Human Trios

Human Trios

Diploid genomes

The initial steps in calling variants for diploid or multi-ploid organisms with NGS data are the same as what we've already seen:

  1. Map the raw data to a suitable reference

  2. Look for SNPs and small-scale indels.

Expectations of output are quite different however, which can add statistical power to uncovering variation in populations or organisms with more than two expected variants at the same location. If you happen to be working with a model organism with extensive external data (ESPECIALLY HUMAN), then there are even more sophisticated tools like the Broad Institute's GATK that can improve both sensitivity and specificity of your variant calls.

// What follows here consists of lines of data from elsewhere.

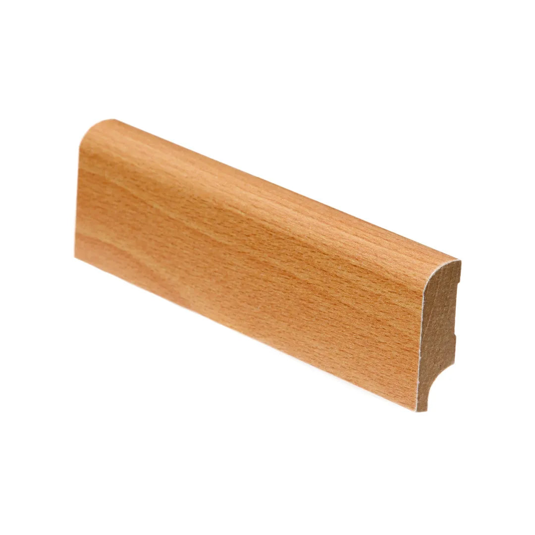 Die MDF-Sockelleiste in Buchenfarbe ist mit widerstandsfähigem Melamin beschichtet, das ein gleichbleibend hochwertiges Produkt ohne Farbunterschiede garantiert.
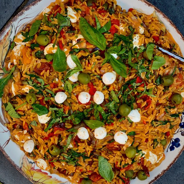 Orzo is such a great host for so many flavors. It is a cross between rice and pasta and I love it as a side dish for a buffet. If you have made orzo before, I think the best way to make it is to toast it before adding the liquid. This helps maintain the integrity of its shape and prevents it from getting too mushy during the cooking process. The red peppers add a natural sweetness to the dish that is a perfect complement and add beautiful color along with the greens.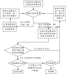 当遥感模型按式(2)的矩阵形式整理完毕后, 第一步, 按化合物种类最大数目和所有联立方程组的方程最大数目, 先分别计算出初始相关系数矩阵。 若此时, 方程组系数矩阵在此情况下, 化合物彼此的相关系数已处于较低, 例如均不大于预设的相关系数阈值rm。 那么可直接进行下一个环节: 判断方程组类型。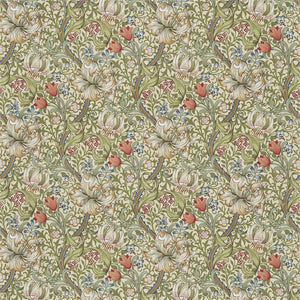 Entwined lily stems and tendrils are arrange along a strong diagonal and designed by J.H. Dearles in 1899. One of the greatest legacies of Morris & Co. this cotton-linen blend fabric is printed in a delicate colourway. A wallpaper of the same design is also available.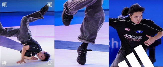 霹雳舞女子组决赛中,巴黎奥运会铜牌得主、阿迪达斯签约运动员刘清漪凭借自信从容的表现和高难度动作成功卫冕。

Trio (or familial) analysis has been exceptionally powerful for identifying rare childhood diseases.  The most prominent publication in this area is this first example of whole exome sequencing saving a life.  There are many other publications since and some review articles such as this one.  Familial analysis is critical for rare, autosomal dominant diseases because, almost by definition, the mutations may be "private" to each individual so we can't look across big populations to find one single causative mutation.  But within families, we can identify bad private mutations in single genes or pathways and then look across populations to find commonality at the gene or pathway level to explain a phenotype.

Example: The CEU Trio from the 1000 Genomes Project

Many example datasets are available from the 1000 genomes project specifically for method evaluation and training. We'll explore a trio (mom, dad, child). Their accession numbers are NA12892, NA12891, and NA12878 respectively. To make the exercise run more quickly, we'll focus on data only from chromosome 20.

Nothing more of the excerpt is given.